- _Provided material_:
.....

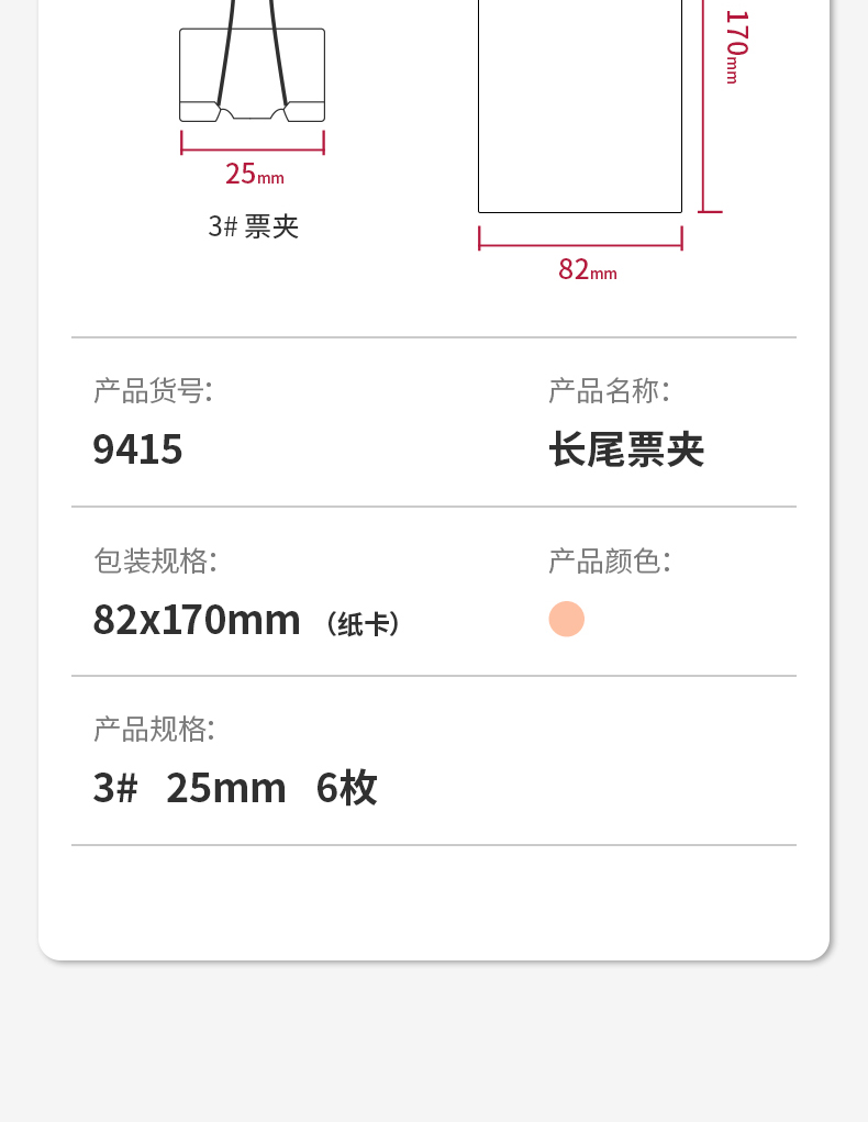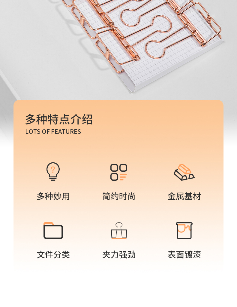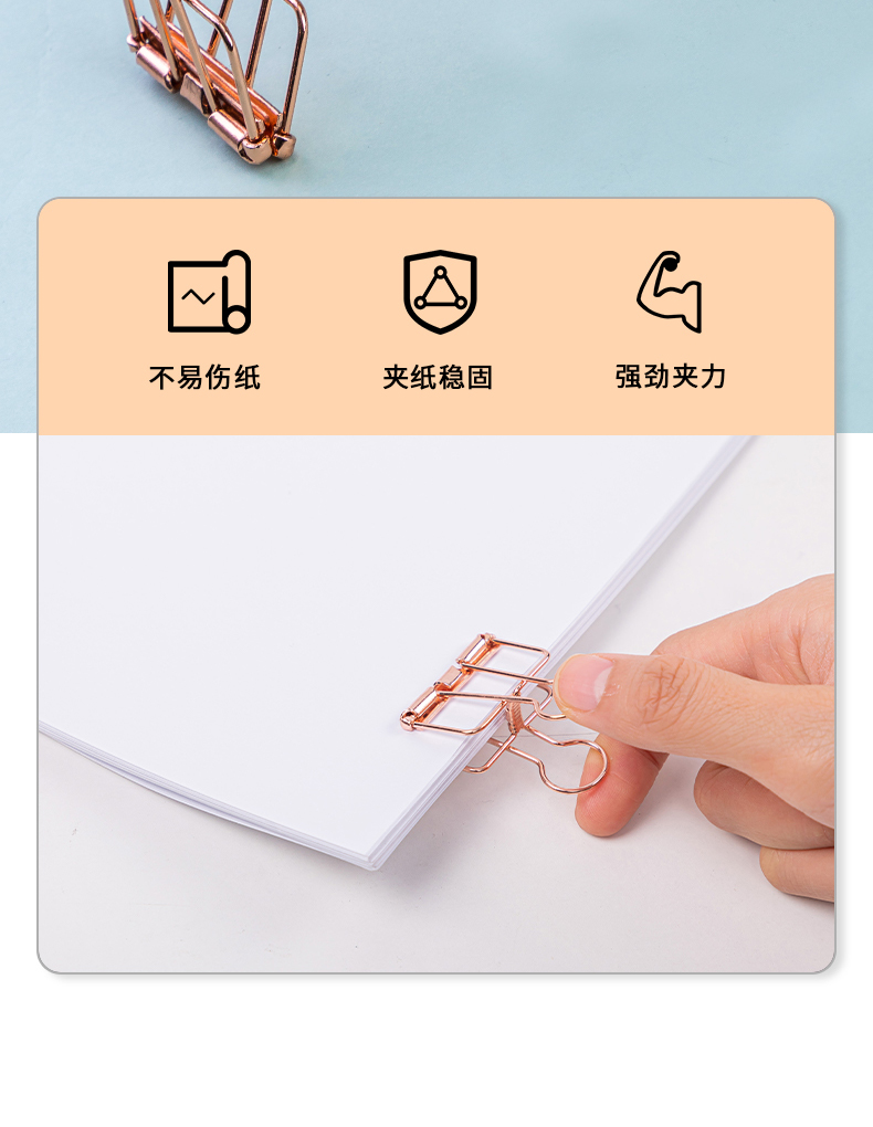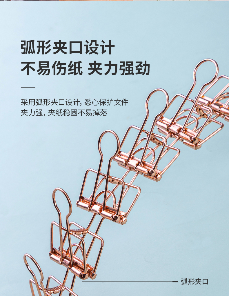 得力 deli 6只32mm玫瑰金鏤空票夾長尾夾 辦公票夾時尚燕尾夾
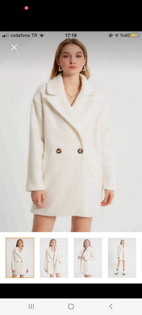 Düğmeli beyaz midi kaban, yakalı ve uzun kolludur. Yumuşak ve sıcak kumaştan yapılmış, bol kesimdir ve günlük sokak stiline uygundur.
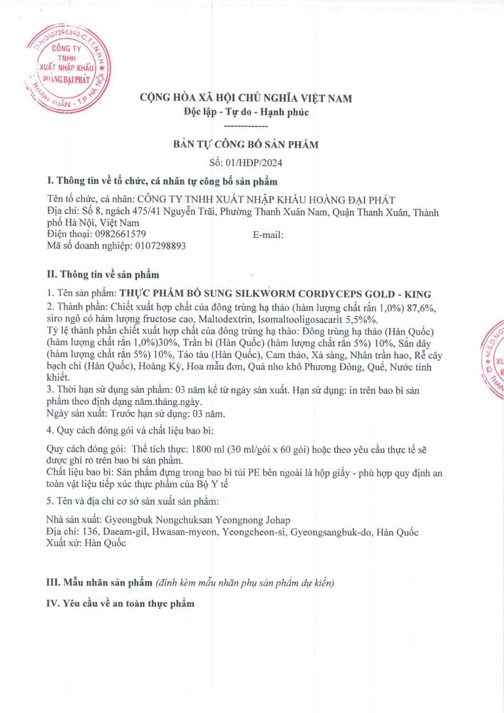 Chiết xuất Đông trùng hạ thảo 87,6%, tỷ lệ phối trộn chiết xuất đông trùng hạ thảo (Silkworm Cordyceps Militaris) là: Peacilomyces Japonica (Hàn Quốc, thành phần chất rắn 1%) chiếm 30%, chiết xuất vỏ quý cam khô Hàn Quốc (thành phần rắn 5%) chiếm 10%, Pueraria lobata (thành phần rắn 5%) chiếm 10%, chiết xuất táo đỏ Hàn Quốc, cam thảo, cindium, Artemisia Capillaries, Sâm Angelica Hàn Quốc, Milk vetch root (gốc cây đậu tằm Hàn Quốc), Peony, Quả Hovenia dulcis, Cinnamon (Quế), nước tinh khiết.

.....

- _Problem description_:
The listing above should be transcribed word for word, with its pictures left out.

- _Response area_:
 得力 deli 6只32mm玫瑰金鏤空票夾長尾夾 辦公票夾時尚燕尾夾
 Düğmeli beyaz midi kaban, yakalı ve uzun kolludur. Yumuşak ve sıcak kumaştan yapılmış, bol kesimdir ve günlük sokak stiline uygundur.
 Chiết xuất Đông trùng hạ thảo 87,6%, tỷ lệ phối trộn chiết xuất đông trùng hạ thảo (Silkworm Cordyceps Militaris) là: Peacilomyces Japonica (Hàn Quốc, thành phần chất rắn 1%) chiếm 30%, chiết xuất vỏ quý cam khô Hàn Quốc (thành phần rắn 5%) chiếm 10%, Pueraria lobata (thành phần rắn 5%) chiếm 10%, chiết xuất táo đỏ Hàn Quốc, cam thảo, cindium, Artemisia Capillaries, Sâm Angelica Hàn Quốc, Milk vetch root (gốc cây đậu tằm Hàn Quốc), Peony, Quả Hovenia dulcis, Cinnamon (Quế), nước tinh khiết.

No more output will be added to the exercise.